The film follows Daigo Kobayashi (Masahiro Motoki), a professional cellist in his late 20’s living in Tokyo. After losing his job and becoming disillusioned with his aspirations, Daigo and his wife Mika (Ryoko Hirosue) return to his hometown to live in his recently deceased mother’s house, hoping to start afresh. Daigo immediately sets about finding a new vocation, and in the process, himself.

Desperate for work, he stumbles upon a vague classified in the local paper for an assistant to aid in ‘Departures’. With an optimistic attitude over what the term ‘Departures’ in fact entails, Daigo turns up for an interview and is hired immediately only to learn that he will be aiding Mr.Sasaki, (Tsutomu Yamazaki) as an Encoffiner – a person whose profession is to prepare the body of a deceased person in a ceremonial manner for peaceful departure into death.

Witnessing scenes in which Mr.Sasaki prepares the deceased for burial, whilst initially confronting, are ultimately a beautiful experience. As corpses are elegantly transformed from lifeless entities to glowing snapshots of the deceased in their prime (at the masterful hand of Mr.Sasaki), we simultaneously witness the families of the deceased (who watch on) slowly breakdown from an initial disposition of detachment and feigned strength to utter anguish at the site of the lost ones being lovingly rendered back to life. Takita portrays this encoffinment process as highly cathartic. The families are finally able to put aside their social masks and bare their most primal emotions. Both the deceased and their families are purified, as all old grievances and mistakes are washed away in these emotionally intense moments, and a sense of closure, acceptance and gratitude is reached between all.

departures

Morally, making a living off handling the dead is considered highly disreputable in Japan and as such our protagonist hides behind a charade of normality from the town and from his wife stating he is working in a run of the mill finance company. This overwhelming sense of shame felt by Daigo is touching. With no other options, and with societal pressures on him to find a well-paying job, we see all notion of pride leave Daigo as trudges off to work each day questioning how he ended up here. However in as much as Daigo is initially is shamed by his work, so too is his proficient hand in preparing the dead finessed, as Takita draws parallels between it and his skill in cello utilizing the symbolism of manual labour and skilled handcraft as a motif for Daigo’s positive regression to the simplicities of life.

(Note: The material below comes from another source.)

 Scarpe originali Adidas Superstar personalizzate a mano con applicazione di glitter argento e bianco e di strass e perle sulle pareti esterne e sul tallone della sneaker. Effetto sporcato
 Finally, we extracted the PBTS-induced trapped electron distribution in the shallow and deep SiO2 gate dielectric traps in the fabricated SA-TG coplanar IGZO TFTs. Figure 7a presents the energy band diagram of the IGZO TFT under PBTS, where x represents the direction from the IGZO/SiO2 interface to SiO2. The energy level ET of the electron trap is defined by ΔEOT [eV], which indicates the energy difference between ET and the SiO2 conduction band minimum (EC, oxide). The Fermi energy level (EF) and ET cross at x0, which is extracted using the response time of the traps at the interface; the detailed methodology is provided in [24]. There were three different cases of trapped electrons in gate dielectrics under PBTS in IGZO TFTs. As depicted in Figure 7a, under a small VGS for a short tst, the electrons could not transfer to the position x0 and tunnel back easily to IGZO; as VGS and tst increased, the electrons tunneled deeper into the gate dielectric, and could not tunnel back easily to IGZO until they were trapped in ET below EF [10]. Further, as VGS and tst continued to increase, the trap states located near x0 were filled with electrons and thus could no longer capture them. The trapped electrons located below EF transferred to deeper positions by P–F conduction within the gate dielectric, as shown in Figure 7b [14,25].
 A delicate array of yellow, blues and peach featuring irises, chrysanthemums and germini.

The film concurrently takes a subtle peek at this notion of propriety and ‘face’, which dictate Japanese society, and asks what is really important. It seems this notion of societal decorum has become somewhat of a trademark of contemporary Japanese cinema.

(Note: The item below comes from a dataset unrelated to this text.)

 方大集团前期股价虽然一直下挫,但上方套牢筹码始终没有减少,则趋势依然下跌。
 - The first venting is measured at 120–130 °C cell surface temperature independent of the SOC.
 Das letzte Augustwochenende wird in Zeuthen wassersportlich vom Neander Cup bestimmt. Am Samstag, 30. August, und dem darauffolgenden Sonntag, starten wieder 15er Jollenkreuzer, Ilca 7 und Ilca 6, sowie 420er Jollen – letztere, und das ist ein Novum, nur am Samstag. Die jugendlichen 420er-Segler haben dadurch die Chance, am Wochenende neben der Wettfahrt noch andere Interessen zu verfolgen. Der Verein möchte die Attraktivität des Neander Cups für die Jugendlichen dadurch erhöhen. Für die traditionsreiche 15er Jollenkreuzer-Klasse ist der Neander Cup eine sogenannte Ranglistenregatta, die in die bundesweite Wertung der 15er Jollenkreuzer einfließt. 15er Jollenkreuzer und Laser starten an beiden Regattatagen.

Once consumed with his dream of being a famous musician, Daigo questions whether it was really his dream at all or his mother’s forced upon him. Why must he have to conform to established norms of what is acceptable and unacceptable in society? And who indeed decides this? The total breach of any form of social propriety, by working with the dead, breaks the shackles of conformity and social ideals once constricting Daigo. And it is only here that Daigo for, the first time, begins to discover who he is, what he wants and what is important to him in life. In working so intimately with death, he develops a beautiful sense of gratitude for the simple pleasures of life, and regresses away from his once held contemporary ideals. Now an outsider to the high pressure norms and pride driven rhythms of Japanese society Daigo finally arrives at his own sense of solace.

Coming full circle, our protagonist is visited by old ghosts from his past. And the notion of departure, a notion that he has extensively witnessed first-hand, will test him personally, putting into question everything he has realized about himself and life.

Films centred on themes of death and loss usually turn people away. However, you would be doing yourself an injustice if you were to by-pass Takita’s presentation of death – as a beautifully affirming appreciation for everything that is living.